Passez donc prendre un café, disent tous les jours un million de Libanais adultes à l’autre million. Du coup, un gros business noir se profile, avec un leader, Najjar.

C’est par le truchement des machines à café espresso dont il assurait la gestion dans les années 50 que Michel Najjar a pris goût au commerce du café. Le tournant décisif a eu lieu en 1967, lorsqu’il entreprit de se lancer dans la torréfaction du café vert acheté sur le marché local. Première production : inauguration du comptoir de vente, acquisition d’une voiture de distribution. Les développements depuis ce moment n’ont plus cessé de se succéder.
Converti à 95 % à la production du café turc et à 5 % à celle de l’espresso, Najjar estime aujourd’hui qu’il est leader du marché, avec une part de 35 %. D’après eux, le second producteur au classement ne détiendrait que 11 %. Les produits Najjar sont exportés vers les cinq continents, notamment aux États-Unis, en Australie, au Brésil, dans les capitales européennes, bref là où se trouvent des colonies d’émigrés libanais et arabes.
Pour Georges Michel Najjar, président de la société, le moteur de la production est l’amélioration continuelle des normes de production. Dernière acquisition en date, une machine unique en son genre au Moyen-Orient qui fait suite à l’investissement, il y a 4 ans, de 8 millions $ pour l’achat de nouvelles machines.
Grâce à cet investissement, la capacité de production des usines Najjar est de 45 tonnes par jour. «Il est vrai que nous ne fonctionnons pas actuellement de manière à donner notre plein rendement. Mais notre capacité de production relève d’une décision stratégique, celle d’une région pacifiée et de frontières ouvertes, notamment avec l’Irak et la Syrie», précise M. Najjar. En attendant l’exploitation des 6 000 m2 d’usine et grâce au labeur des 210 employés, le concept du café Najjar continue de grandir. Deux franchises, l’une en Arabie saoudite et l’autre à Bahrein, ont été vendues. En effet, grâce à l’ouverture des cafés situés l’un à Zalka et l’autre à Achrafieh, Najjar a promu la pause-café traditionnelle libanaise en concept moderne et qui s’exporte. «Celui-ci est d’ailleurs adapté au rythme de la vie d’aujourd’hui, puisque nous avons pu mettre au point une machine à café turc, pour les bureaux, qui permet de préparer la tasse en 36 secondes. Mais je continue à croire, confie M. Najjar, que boire son café debout en circulant est une hérésie. Par contre, il n’y a rien comme la pause-café pour se ressourcer».
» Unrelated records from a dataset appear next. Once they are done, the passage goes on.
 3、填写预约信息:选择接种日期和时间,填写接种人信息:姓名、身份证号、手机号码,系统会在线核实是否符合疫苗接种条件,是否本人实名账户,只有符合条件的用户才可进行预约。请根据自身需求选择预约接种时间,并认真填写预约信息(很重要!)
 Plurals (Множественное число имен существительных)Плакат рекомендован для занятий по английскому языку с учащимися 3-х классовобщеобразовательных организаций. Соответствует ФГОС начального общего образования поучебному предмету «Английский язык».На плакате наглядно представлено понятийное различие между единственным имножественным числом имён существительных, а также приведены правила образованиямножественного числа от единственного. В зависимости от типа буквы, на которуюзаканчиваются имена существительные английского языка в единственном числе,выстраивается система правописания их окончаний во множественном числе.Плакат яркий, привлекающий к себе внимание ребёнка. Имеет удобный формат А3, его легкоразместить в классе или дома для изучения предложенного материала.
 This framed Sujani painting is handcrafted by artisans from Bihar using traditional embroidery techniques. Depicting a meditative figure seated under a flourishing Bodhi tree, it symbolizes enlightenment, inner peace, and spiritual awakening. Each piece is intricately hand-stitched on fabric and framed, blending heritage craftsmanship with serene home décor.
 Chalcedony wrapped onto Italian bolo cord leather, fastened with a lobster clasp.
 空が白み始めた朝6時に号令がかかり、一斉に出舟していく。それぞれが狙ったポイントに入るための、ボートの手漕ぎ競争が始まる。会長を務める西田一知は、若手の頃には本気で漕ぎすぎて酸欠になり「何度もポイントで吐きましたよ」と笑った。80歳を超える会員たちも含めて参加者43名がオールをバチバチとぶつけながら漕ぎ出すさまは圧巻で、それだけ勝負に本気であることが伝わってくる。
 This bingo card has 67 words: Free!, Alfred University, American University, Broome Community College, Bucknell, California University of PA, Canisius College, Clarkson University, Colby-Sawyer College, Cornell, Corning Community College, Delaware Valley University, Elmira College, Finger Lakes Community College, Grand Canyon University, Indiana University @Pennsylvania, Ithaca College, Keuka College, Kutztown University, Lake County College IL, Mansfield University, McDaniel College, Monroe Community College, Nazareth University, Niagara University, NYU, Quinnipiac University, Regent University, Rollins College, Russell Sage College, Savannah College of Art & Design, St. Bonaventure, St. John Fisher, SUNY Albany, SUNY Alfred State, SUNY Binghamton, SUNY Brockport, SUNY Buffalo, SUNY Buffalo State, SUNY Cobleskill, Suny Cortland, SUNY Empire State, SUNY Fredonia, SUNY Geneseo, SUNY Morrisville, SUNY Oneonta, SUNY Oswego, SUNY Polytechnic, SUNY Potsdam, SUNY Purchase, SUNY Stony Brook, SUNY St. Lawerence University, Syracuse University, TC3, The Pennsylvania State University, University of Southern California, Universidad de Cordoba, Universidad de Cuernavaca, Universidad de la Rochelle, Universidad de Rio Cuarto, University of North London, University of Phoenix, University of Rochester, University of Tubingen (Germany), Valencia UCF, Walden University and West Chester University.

Torréfier le grain du café, c’est en raccourci, le noircir. Plutôt que d’être soumis au contact direct de la flamme, les grains subissent le souffle d’induction de l’air chaud. Grâce à cette technique révolutionnaire adoptée par Najjar, les grains reçoivent une chaleur homogène qui passe graduellement de 30 à environ 200º. D’autres paramètres comme le contrôle de la vitesse de l’air et de son volume se greffent sur cette technologie.

Les grains sont torréfiés par lots de 300 kg à la manière moderne entièrement automatique et informatisée. Cette méthode permet d’obtenir la régularité dans la saveur. Avec la torréfaction, la haute température permet l’évaporation de l’eau contenue dans le grain et qui représente entre 11 et 14,8 % du poids. La seconde phase élève la température encore une fois et fait subir au grain une pression telle qu’il “craque”. Enfin, la majoration de la température permet la cristallisation du sucre contenu dans le grain à 8 % et la libération des acides. Pour obtenir un café turc, on élimine sa teneur en acide, alors qu’on le garde pour la fabrication de l’espresso.

C’est en tablant sur les variantes du dosage du sucre, des acides et de l’amertume dans le grain qu’on peut obtenir une variété innombrable d’arômes. L’équilibre ainsi obtenu est stabilisé grâce au processus de refroidissement qui se fait par étapes… en réduisant la température à 110ºC puis à 70ºC. À partir de ce seuil, l’arôme, au départ précaire, est définitivement stabilisé autour de 34º environ.

C’est en partie grâce à son laboratoire, avec des outils de mesure et d’analyse, que Najjar préserve sa position de leader sur le marché. Des tests répétitifs sont menés sur le corps gustatif du café et de ses composantes. Lectures de la couleur, de la teneur en eau, en crème viennent orienter au quotidien les options de la production.